For the conference organizing team, one of the biggest advantages has been how easy it is to get an event up and running. Instead of rebuilding everything from scratch, event planners can use previous editions as a starting point and quickly create a polished event website with the key information prospective attendees and sponsors need.
In addition, event site creation, registration, abstract submission, peer review, payments, and communications all live in the same platform. That means less juggling, less duplication, and far fewer opportunities for something to fall through the cracks.

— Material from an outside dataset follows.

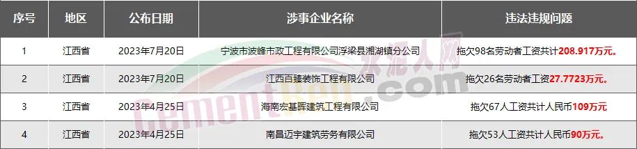 江西省4家房企、建企欠薪被通报或处罚,涉及金额435.68万元

How Fourwaves simplifies peer reviews and abstracts
For MSC, peer review is one of the most important parts of the event workflow. Abstracts need to be reviewed fairly, consistently, and in a way that reflects the priorities of the organizing and scientific committees.

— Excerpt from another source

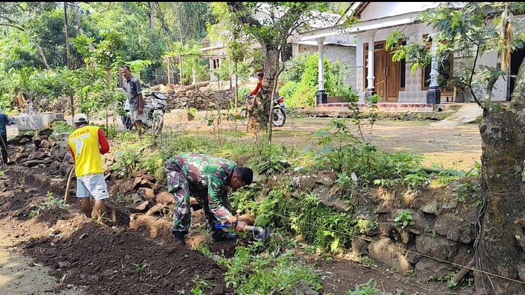 PASURUAN – JATIM | SUDUTPANDANG.ID –Dalam upaya mendukung pembangunan infrastruktur desa serta mencegah terjadinya longsor, Sertu Desta Babinsa Koramil 0819/17 Pasrepan melaksanakan kegiatan karya bakti (karbak) Pembuatan Tanggul Penahan Tanah (TPT) di Dusun Duren RT 01 RW 04, Desa Mangguan, Kecamatan Pasrepan, Kabupaten Pasuruan. Jawa Timur. Minggu, (19/10/2025)

That is where Fourwaves has been very useful.
MSC uses the platform’s peer-review module to assign abstracts to reviewers and to orchestrate evaluations in a more structured way. The committee can build a review form that includes rankings, comments, and clear accept-or-reject options, all in one place. The rubric can also be adjusted from year to year depending on the needs of the event.
This flexibility helps to standardize the review process without making it rigid. Reviewers have a clearer framework to work within, and organizers save time overseeing the whole event planning process.
We can tailor the evaluation process each year without having to rebuild it from scratch.
Facility Manager, Centre for Advanced Light Microscopy (CALM), McMaster University
Academic conference continuity from one year to the next
One of the most useful things Mouhanad highlighted was not just the day-to-day convenience of Fourwaves, but what it does for long-term continuity.
Academic societies often rely on committees that evolve over time. Roles shift. Responsibilities move around. New people step in. When event history is buried across old inboxes, shared drives, and half-forgotten systems, every new committee ends up wasting unnecessary time.
With Fourwaves, current and previous events stay accessible in one place. For Mouhanad, that is a real operational advantage. He sees firsthand how instrumental the software is to keep things moving when submissions, registrations, payments, communications, and event history are all connected.
“There is less time spent retracing steps and more time spent moving the event forward.”
How Fourwaves improves the organizer and attendee experience
Attendees do not usually send glowing emails about registration forms or abstract portals. They tend to notice those event planning tools only when something goes wrong.
That is why Mouhanad sees the lack of criticism as a positive sign. MSC has received little to no complaints about the submission or registration process, which he considers a major win. Over the years, he has also heard appreciation for the platform from multiple organizing committees.
“In a crowded event landscape, attendee experience plays a big role in whether people return year after year.”
Why MSC continues to use Fourwaves year after year
The Microscopical Society of Canada has continued to use Fourwaves since 2019 for a few simple reasons: it is easy to use, it builds on previous events, it continues to improve, and the customer service is strong.
Mouhanad would absolutely recommend Fourwaves to other academic societies and conference organizers, especially for larger events where the administrative burden can get heavy fast.
Re-examining the event technology stack can open the door to better workflows, better continuity, and a better experience for everyone involved.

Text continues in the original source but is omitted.